Another unique consideration in data centers today is power. With AI servers pulling down more power than ever and showing no signs of slowing, the total power available is one of the biggest bottlenecks for those looking to bring GPUs into their data centers. This means that there is even more focus on saving every watt possible. If you can get more TB per watt, we approach some interesting thought processes around TCO and infrastructure costs. Even taking these drives off the GPU server and putting them in a storage server at the rack scale, in aggregate, they can deliver massive throughput with extreme capacities.
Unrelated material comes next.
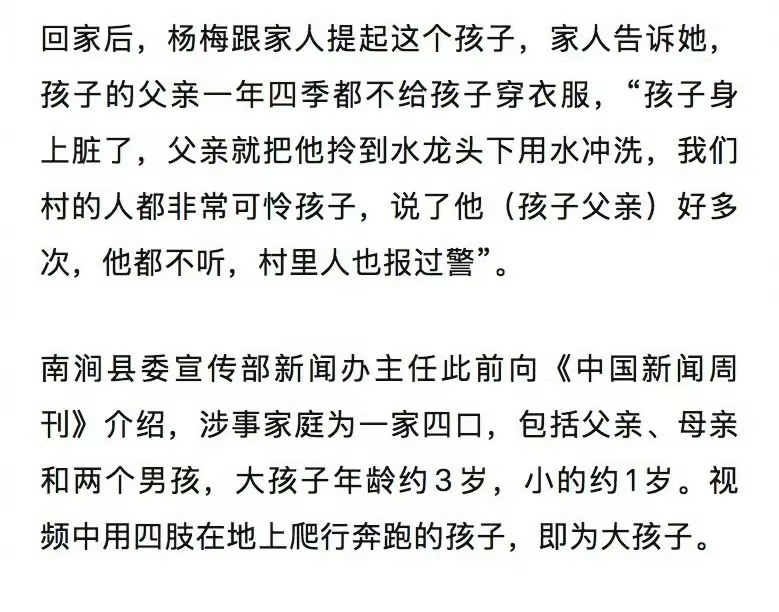 南涧县委宣传部新闻办主任称这个野人小孩是一对兄弟,他还有一个一岁的弟弟,视频里所拍的全是哥哥。村民多次见野人小孩被他爸爸大冬天拉去水龙头底下冲洗身体,很多人看不过去劝说都不听,报警也没有用。孩子的妈妈也不喜欢人家说她,每次一说就用眼睛去瞪别人,导致很多人也不太敢去劝说。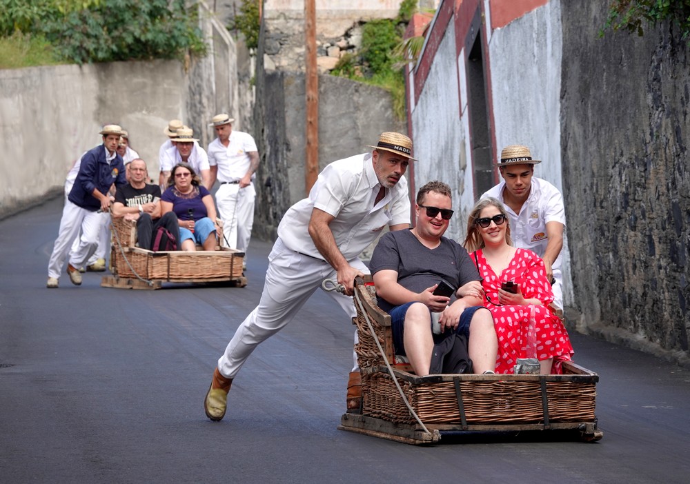 Rien n’a vraiment changé aujourd’hui, la foule se presse toujours nombreuse pour éprouver le frisson d’une descente sur route à près 50km/h, dans un traineau dépourvu de freins et de volant – les carreiros assurant la trajectoire et le freinage à l’aide de leurs bottes à semelles de caoutchouc.

Integrating Solidigm D5-P5336 61.44TB QLC SSDs with NVMe slot-limited AI servers represents a significant advancement in addressing the storage challenges of modern AI workloads. Their extreme density, performance characteristics, and TB/watt ratio make them ideal for data preparation, training and fine-tuning, and inferencing phases. By optimizing the use of PCIe lanes and providing high-capacity storage solutions, these SSDs enable the modern AI Factory to focus on developing and deploying more sophisticated and accurate models, driving innovation across the AI field.